I would recommend keeping this bug open in some way as a nagging reminder to the kernel maintainers, because the fakeraid implementation is actually kinda broken.  But don't expect them to fix it any time soon.  

It's not generally documented well enough that fakeraid is a cheap compatibility hack and does not have the same features as softraid (even though it could).  So I might suggest putting some notes in your documentation on softraid and fakeraid that explains this and urges fakeraid to be avoided unless you NEED it, because its read performance is lousy.

Thanks!
Comment 6 Ian Stakenvicius (RETIRED) gentoo-dev 2009-06-04 17:10:04 UTC
..this functionality isn't part of the dmraid package, it's part of the dm-mirror kernel module (or maybe device-mapper package?).  Wouldn't this make more sense to be reassigned as a kernel bug / feature request?

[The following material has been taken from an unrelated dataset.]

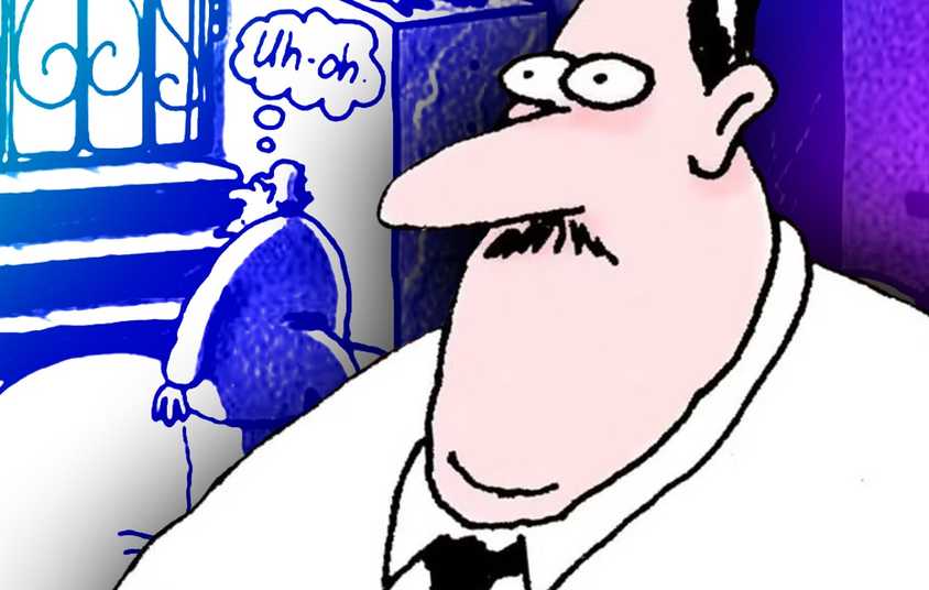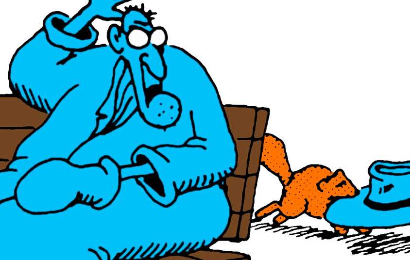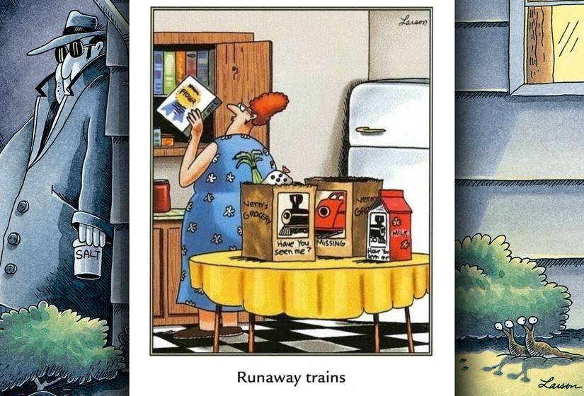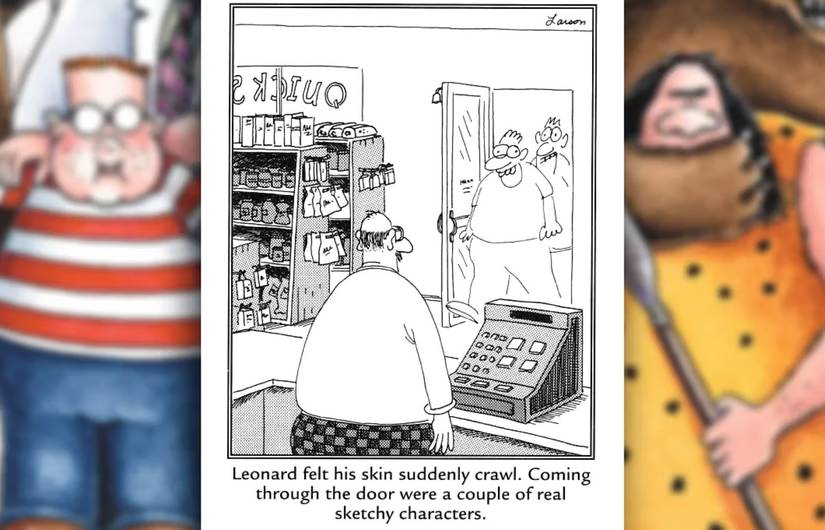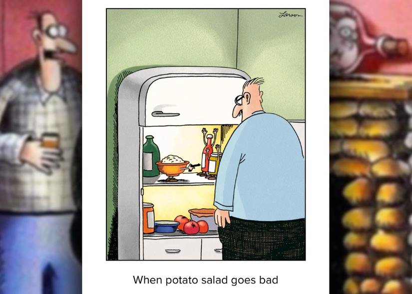 En una broma definitiva sobre papá, Larson hace un juego de palabras con los dos significados de “se ha echado a perder”, describiendo tanto el deterioro de los alimentos como a alguien que ha decaído moralmente. Si bien la broma es puro juego de palabras, Larson agrega un toque extra al hacer que su personaje humano tropiece accidentalmente con un robo de comida en progreso, a la altura de Lado lejanoEl estándar de humor visual.

Comment 7 Ian Stakenvicius (RETIRED) gentoo-dev 2009-06-04 18:36:17 UTC
Also, I just checked the code for gentoo-sources-2.6.29-r5, and there is a round-robin implementation for load balancing on reads now.

This bug can be closed.
Comment 8 Ian Stakenvicius (RETIRED) gentoo-dev 2009-06-04 19:25:06 UTC
(In reply to comment #7)
> Also, I just checked the code for gentoo-sources-2.6.29-r5, and there is a
> round-robin implementation for load balancing on reads now.

errm..  nvm. i misread rotation-on-errors for rotation-for-load-balancing.

Comment 9 Thomas Sachau gentoo-dev 2009-09-16 20:56:13 UTC
Nothing we can do about it, so i will mark it resolved/upstream after talking with Ian.
Comment 10 Timothy Miller 2009-09-17 01:40:44 UTC
There IS something you can do about this:  Mention this issue in the docs so that people don't accidentally choose dmraid when they should be using mdraid.
Comment 11 Ian Stakenvicius (RETIRED) gentoo-dev 2009-09-17 16:39:45 UTC
Makes sense...but since dm-mirror is a kernel module, it's the kernel help that would need updating to mention this.  Still deferring to upstream.

In the meantime:  http://en.gentoo-wiki.com/wiki/RAID/NVRAID_with_dmraid#About_the_Install
Comment 12 Timothy Miller 2009-09-18 00:33:37 UTC
Sweet.  You guys rock!
Comment 13 Sven E. 2010-06-29 20:06:16 UTC
Just wanted to mention:

The same is true for mdraid. I set up an md device as mirror of two SSDs, reading from the md device completely hits one of the disks (it doesn't seem to be determined which one, but as long as the process runs all reads are redirected to the same disk).
If we assume that the device is selected by some round robin mechanism, it only seems to choose one disk and keeps it for subsequent reads (maybe on a per process basis).
Yet, a working md mirror target should by itself properly distribute the reads on the underlying mirror devices, even for a single thread.

This is true for 2.6.33.5, I did not try .34 yet though.


(In reply to comment #12)
> Sweet.  You guys rock!
> 

Comment 14 Timothy Miller 2010-06-29 20:10:33 UTC
I don't know what you're looking at, but I've tested mdraid, and it definitely does round-robin.  If you do iotop while reading, you'll see that half the reads go to one disk and half to the other.  And also, I've looked at the kernel source, and there is code in there to do it.

On the other hand, dmraid has specific comments stating that they don't but should do round-robin.